In fact, Google has re-engineered its technologies from top to bottom several times since then, as has Microsoft, and Yahoo! has stopped developing general Web search technology. Today Google appears to be relying more on machine-learning algorithms than ever before (perhaps influenced by Yandex's own reliance on learning algorithms, perhaps only for independently chosen reasons). The machine-learning approach is complicated and heavily invested in the same problem facing crowdsourcing communities: someone has to be the "Good seed", the initial expert who recruits all the other experts into the process.

The quality of the initial expert determines the success of the chain of recruitment regardless of whether you are dealing with contributors to an information project like Wikipedia or building a pool of good (or bad) Websites for a learning algorithm to study. In March 2011 Google engineers Amit Singhal (head of search) and Matt Cutts (head of Web spam) told Wired magazine that they launched their revolutionary Panda algorithm by having "outside testers" classify an undisclosed (but presumed large) number of Websites as "high quality" or "low quality".

Conceding the difficulty of the process, the Google engineers did not claim that they asked the testers to figure out which sites were "right" or "wrong", but rather asked them which sites they would be more likely to trust (in fact, the testers were asked a large number of questions). The "gut instinct" approach bypasses the "who is the right expert?" question and presupposes that if enough people think a certain Website is more trustworthy in its presentation of information that it must be pretty good. This is one of the cornerstone's of Google's dynamic technologies, the so-called "PageRank strategy" which is based on citation analysis.

In 2008 the Math Union published a study calling into question the widespread use of citation analysis in scientific literature, noting "Relying on statistics is not more accurate when the statistics are improperly used"; "While numbers appear to be "objective", their objectivity can be illusory"; "The sole reliance on citation data provides at best an incomplete and often shallow understanding of research—an understanding that is valid only when reinforced by other judgments. Numbers are not inherently superior to sound judgments." (Note: That is original emphasis.)

Of course, my citing the Math Union study may be flawed for the very reasons that the study cites -- am I expert enough in these matters to provide sound judgment? And that is the crux of the issue for Wikipedia and the Google Panda algorithm. Google recognized that Panda was a first step toward a new level of search filtration technology. By creating a large pool of human-reviewed Websites that were divided into "high quality" and "low quality" they were able to give their algorithm a crash course in human judgment. Most observers seemed to feel that the Panda algorithm did a pretty good job of downgrading poorly designed Websites but it produced false-positive results, too.

In fact, Google has been releasing new iterations of Panda data as it recrawls the Web to ensure that changes made to downgraded sites (as well as newly published sites) are evaluated. I believe that Google also expanded the learning sets several times throughout 2011, and perhaps may have a process in place to continue expanding the learning sets as new types of Web content and structures are identified.

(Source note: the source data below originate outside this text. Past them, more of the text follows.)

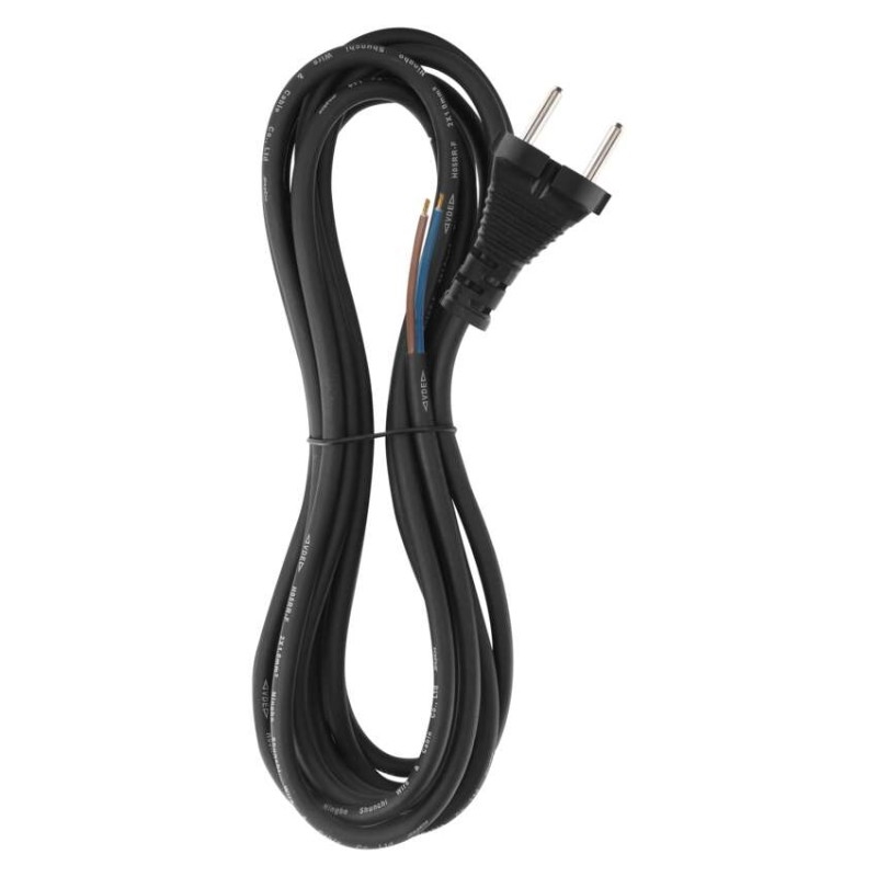 barva: černá|délka: 5 m|prodejní obal: 1 ks, závěs|průřez vodiče: 2× 1,0 mm2|typ: SY-10|typ izolace: guma|vodič: H05RR-F|vypínač: ne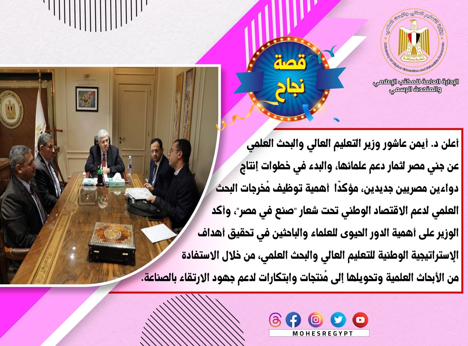 أعلن الدكتور أيمن عاشور وزير التعليم العالي والبحث العلمي، عن جني مصر لثمار دعم علمائها، والبدء في خطوات إنتاج دواءين مصريين جديدين، مؤكدًا أهمية توظيف مخرجات البحث العلمي لدعم الاقتصاد الوطني تحت شعار "صنع في مصر".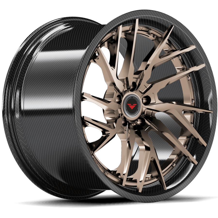 Vorsteiner Wheels produces each and every bespoke forged wheels at our in-house California facility to ensure the quality standards and delivery times meet our clients expectations. All of our multi-piece forged wheels utilize California sourced T6-6061 aerospace & medical grade aluminum that is TUV rated for safety. We engineer lab test and FEA all of our wheels to maximize performance while minimizing weight specific to target vehicle application without using a universal load rating. Each VMP wheel comes with a standard solid finish. You can also add brushed or polished textures with various finishes and sheens. The VMP 200 Series comes with a DYMAG carbon fiber barrel and customizable face.What are the advantages of a Dymag Carbon Fiber Barrel? Ultra low moment of inertia 40% lighter than cast aluminum Latest low-density composite and metallic materials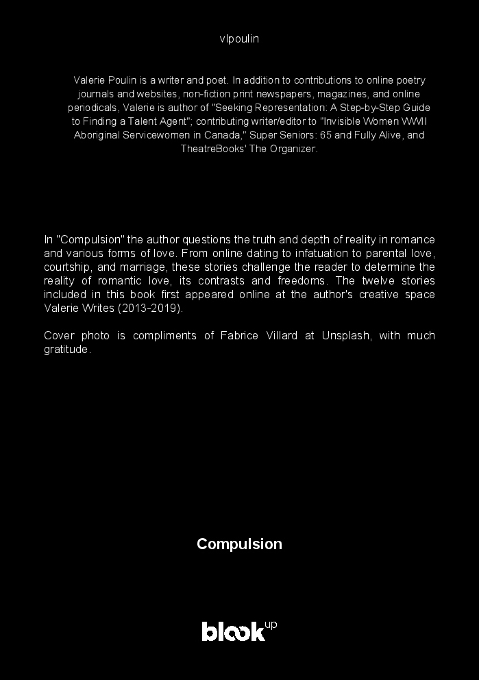In "Compulsion" the author questions the truth and depth of reality in romance and various forms of love. From online dating to infatuation to parental love, courtship, and marriage, these stories challenge the reader to determine the reality of romantic love, its contrasts and freedoms. The twelve stories included in this book first appeared online at the author's creative space Valerie Writes (2013-2019).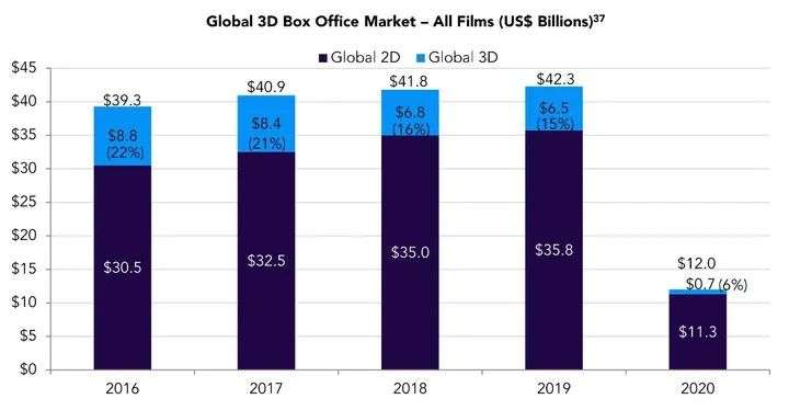 而纵观全球电影市场,3D 电影也开始出现增长乏力的迹象,反而 2D 电影市场开始回春,两者的票房差正逐渐缩小。

The standard for Web quality is arbitrary and subjective, and with respect to its own analysis Google controls the standard. Hence, being in a position to reject the findings of their testers the Google engineers vetted the vetters according to their own precise criteria. That is, we cannot say there is an objective measurement that would demonstrate that Google's learning set divisions are inexpert or unsound. Other groups might produce different criteria for selecting "high quality" and "low quality" Websites but in the Panda scenario the seed set of experts is self-defined and therefore reliable.

It appears that Google has integrated the Panda algorithm into other filtration processes (including their Penguin filter and perhaps more recently their "Exact-match Domain" filter). Unlike Google, however, groups such as Wikipedia (and several thousand imitators) do not begin their inclusion and recruitment processes with a set of precise criteria for quality of information; rather, Wiki sets rely upon precise criteria for presentation and citation. Any source can be cited (including random Websites with no academic or scientific credentials -- and millions of such citations are found throughout the Wikisphere of the Web).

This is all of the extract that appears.